Sorprendida y divertida por el inesperado giro de la conversación, Sor Juana inclinó la cabeza para ocultar la sonrisa que pudo haber sido interpretada como burla.

—Soy una sierva del Señor, padre —respondió humilde—. Usted es su representante en este mundo que a veces se nos muestra injusto y en ocasiones alegre a través del canto de las campanas. Esperaré con ansia a la hermana Herminia (“que Dios me ayude” —musitó). A propósito, su Eminencia: he recibido de ella dos misivas que la muestran inteligente y preparada. Pronto la conoceré en persona —dijo y de inmediato añadió con la intención de atemperar la sorpresa del obispo—. Esté seguro de que su ahijada será apoyada por su servidora. Igual lo harán muchos de los agradecidos paladares. Le dedicaré mi tiempo, que es el de nuestro Creador. Confío en la bondad del Espíritu Santo para salir airosa de la misión que, por ventura y gracia del Señor, usted me ha delegado.

El obispo se retiró. Una vez más comprobó cómo se combinaba la inteligencia con la espontaneidad de Sor Juana. Recordó las palabras que había musitado la monja. El inicio de su trayecto fue acompañado por el aletear de las aves que se bañaban en el agua de la fuente del patio. Detrás de él quedaba el ambiente propicio para que la religiosa disipara sus dudas valiéndose del ejercicio socrático entre ella y su Sombra.

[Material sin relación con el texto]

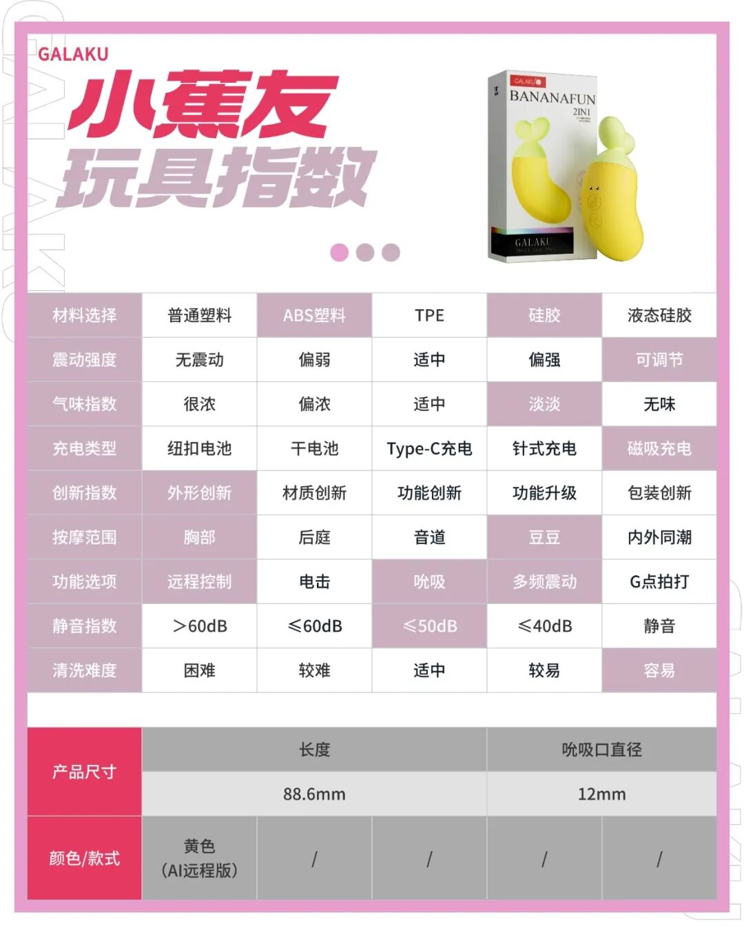 2.充电时长:小蕉友充电约80分钟可充满,使用时长约70分钟(具体使用时长取决于您选择的模式和频率);

El brillo de las estrellas resaltaba la oscuridad del cielo.

El murmullo de los rezos reverberaba en los muros del convento.

Los viajeros

Sor Juana tuvo varios encuentros más con su Sombra. Le complacía y tranquilizaba el ejercicio de hablar consigo misma valiéndose de reflexiones profundas e inspiradoras. Se desdoblaba y su imaginación le permitía viajar al futuro para tener diálogos que solían dejarla exhausta, confundida. “Si esto es un sueño —le confió alguna vez a Herminia—, mi pobre vida y los malos recuerdos quedarán recluidos en la celda del tiempo. Si son visiones futuristas, entonces estoy obligada a pedir perdón a quienes hoy me ofenden porque mañana mi obra será el arma que castigue su ceguera. Me abstendré de revelar mis disquisiciones. Guardaré silencio para evitar ser catalogada como la loca del convento, definición que ofendería a Dios porque Él es quien me inspira y su fuerza espiritual la que conduce mi pluma.”

Las imágenes de personas desconocidas llenaban el espacio vital de Juana Inés. Aparecían en una secuencia sin ritmo, a veces agolpándose y fundiéndose en una sola. En ocasiones se presentaban de manera organizada como si se tratase de un desfile que en décimas de segundo irrumpía en las dimensiones de su tiempo y del futuro. Era como una estela interminable de espíritus a punto de materializarse.

Cuando abandonaba esas dimensiones, cual destellos formados con frases, corrían por su mente las ideas que había escuchado durante sus lecturas: “Un libro es el diálogo con los otros y con uno mismo”. “El interlocutor es un ausente-presente que nos habla sin lengua y nos escucha sin oídos”. “Tu comunicación no es sólo con los fantasmas que están en los libros o en la imaginación, sino con mucha gente de carne y hueso, los que escribieron lo que has leído y aquellos que en los próximos siglos te van a estudiar para hacer de tu obra un legado intemporal”. “Dios no manda cosas imposibles, sino que, al mandar lo que manda, te invita a hacer lo que puedas y pedir lo que no puedas y te ayuda para que puedas”. Veía las caras de quienes pronunciaron estas frases. Le sorprendía la cascada de expresiones surgidas de los rostros que ella miraba y de las inflexiones de voz que escuchaba. La sensación le producía un extraño sentimiento fraternal. “Son mis hermanos, mis cómplices, mis fantasmas, mis guías —se decía—; son los ojos que me oyen y los oídos sordos que me escucharán aunque me queje muda”.

Hasta aquí esta parte de una vida que fue determinante para lo que vino después, vicisitudes plasmadas en las siguientes páginas. Mientras llegamos al punto pido tu comprensión y perdón por divagar entre las historias orales y documentadas así como por el siguiente violento vuelco narrativo. Doy por hecho tu tolerancia.

Sigo pues con mi encuentro exótico, venturoso y cachondo acompañado de una de las mujeres más audaces que he conocido, antítesis desde luego de lo que representa la Séptima Musa, cuyas palabras, acciones y gestos he supuesto, redundo, a partir de algunas referencias bibliográficas ligadas con relatos de familia donde la imaginación ha sido el catalizador.